Dans les cas où l’existence de l’obligation n’est pas sérieusement contestable, ils peuvent accorder une provision au créancier, ou ordonner l’exécution de l’obligation même s’il s’agit d’une obligation de faire.
L’obligation non sérieusement contestable vise aussi bien les créances d’origine contractuelle, quasi contractuelle, délictuelle ou quasi délictuelle, le juge des référés étant cependant tenu de préciser la nature de l’origine de cette créance ou la nature de l’obligation la fondant.

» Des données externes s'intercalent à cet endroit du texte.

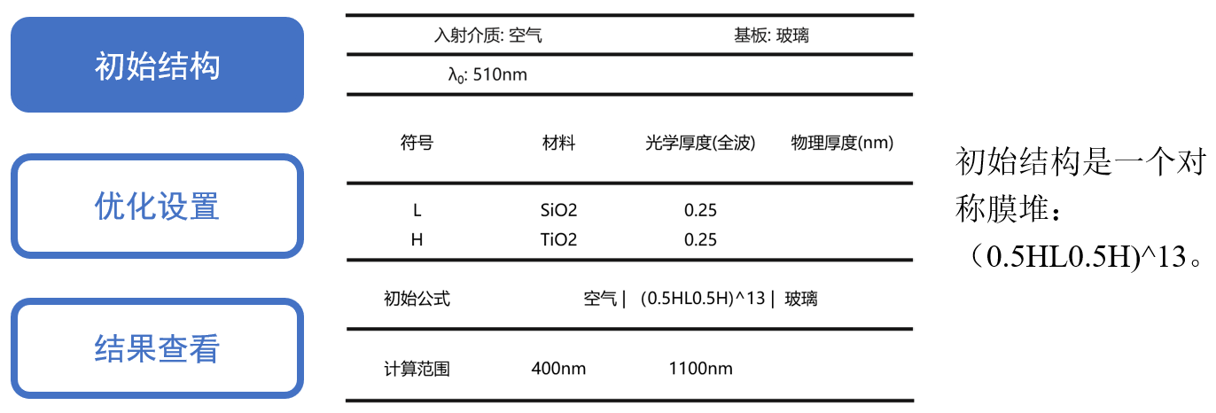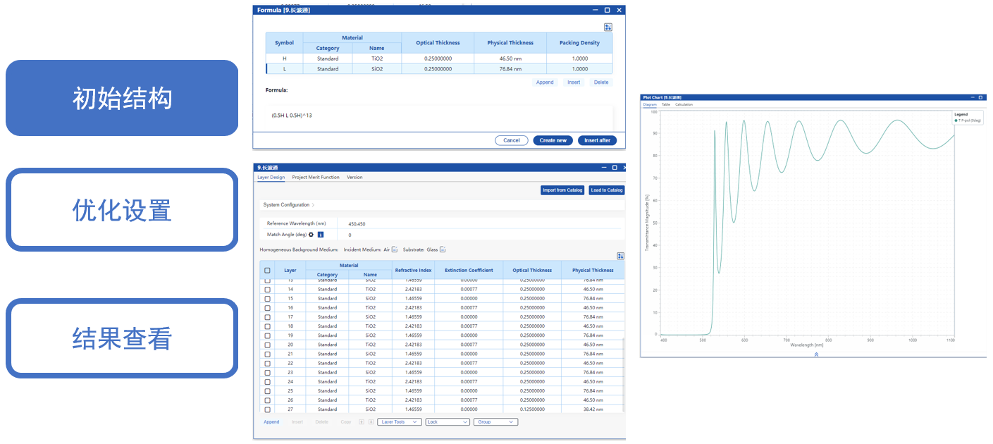 使用公式工具構建了上述膜系作為基礎結構,右圖展示了其在400-1100 nm內0°入射時的光譜。可以看出此時在的透射波段有很多的波紋。
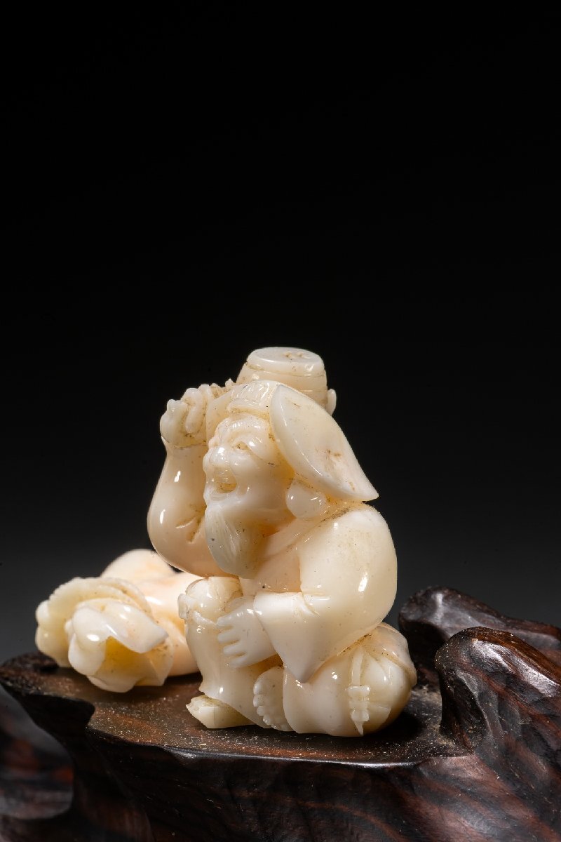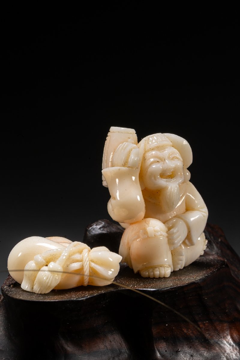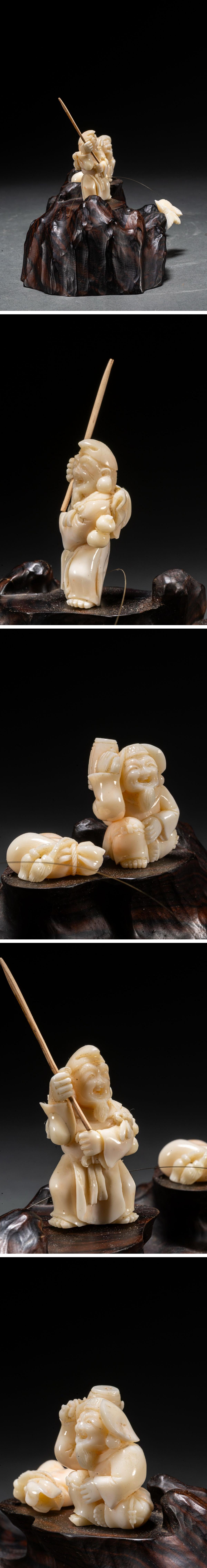 【清】某有名オークション購入 天然材 赤珎材 大黒天恵比寿置物 高級美術品 時代コレクション7L9-49S2

Une contestation est sérieuse dès lors que l’un des moyens de défense opposé aux prétentions du demandeur n’apparaît pas immédiatement vain et laisse subsister un doute sur le sens de la décision qui pourrait être rendue au fond.
De même, une contestation est sérieuse chaque fois que la décision du juge des référés l’obligerait à se prononcer préalablement sur une contestation relative à l’existence d’un droit ou le conduirait à se prononcer sur le fond du litige, par exemple en portant une appréciation sur la validité, la qualification ou l’interprétation d’un acte juridique.
En l’espèce,
Les parties s’opposent sur le régime de prescription applicable. Monsieur [M] [P] invoque les dispositions de la loi du 6 juillet 1989, alors que l’association SOLIHA PROVENCE soutient l’application de la prescription de droit commun prévue par l’article 2224 du code civil.
La détermination du régime applicable suppose de qualifier juridiquement le contrat de sous-location litigieux, ce qui relève de l’appréciation du juge du fond.
Le montant de la créance dépend directement de la prescription invoquée, ainsi que de la validité des indexations appliquées.
Monsieur [M] [P] conteste la régularité des révisions de loyer opérées par l’association SOLIHA PROVENCE, lesquelles supposent d’examiner les stipulations contractuelles ainsi que leur conformité au contrat principal.
Une telle analyse implique une interprétation du contrat, excédant les pouvoirs du juge des référés.
Il résulte de ce qui précède que la détermination de la dette locative, la prescription applicable, et la validité de l’indexation, constituent des questions de fond, faisant obstacle à toute intervention du juge des référés.
Il existe dès lors une contestation sérieuse.
En conséquence il n’y a pas lieu à référé.
Les dépens sont laissés à la charge de la partie demanderesse.
Il n’y a pas lieu à application des dispositions de l’article 700 du code de procédure civile.
PAR CES MOTIFS,
Le juge des contentieux de la protection statuant en référé, après débats en audience publique, par ordonnance contradictoire rendue en premier ressort et mise à disposition au greffe,
Au principal, RENVOIE les parties à se pourvoir ainsi qu’elles aviseront mais, dès à présent, vu l’urgence,
CONSTATE l’existence d’une contestation sérieuse ;
DIT n’y avoir lieu à référé ;
DIT n’y avoir lieu à application des dispositions de l’article 700 du code de procédure civile ;
CONDAMNE l’association SOLIHA PROVENCE aux dépens ;
RAPPELLE que la présente ordonnance est de plein droit exécutoire à titre provisoire ;
Ainsi jugé et prononcé par ordonnance signée le 7 mai 2026 par le président et le greffier susnommés et mise à disposition au greffe.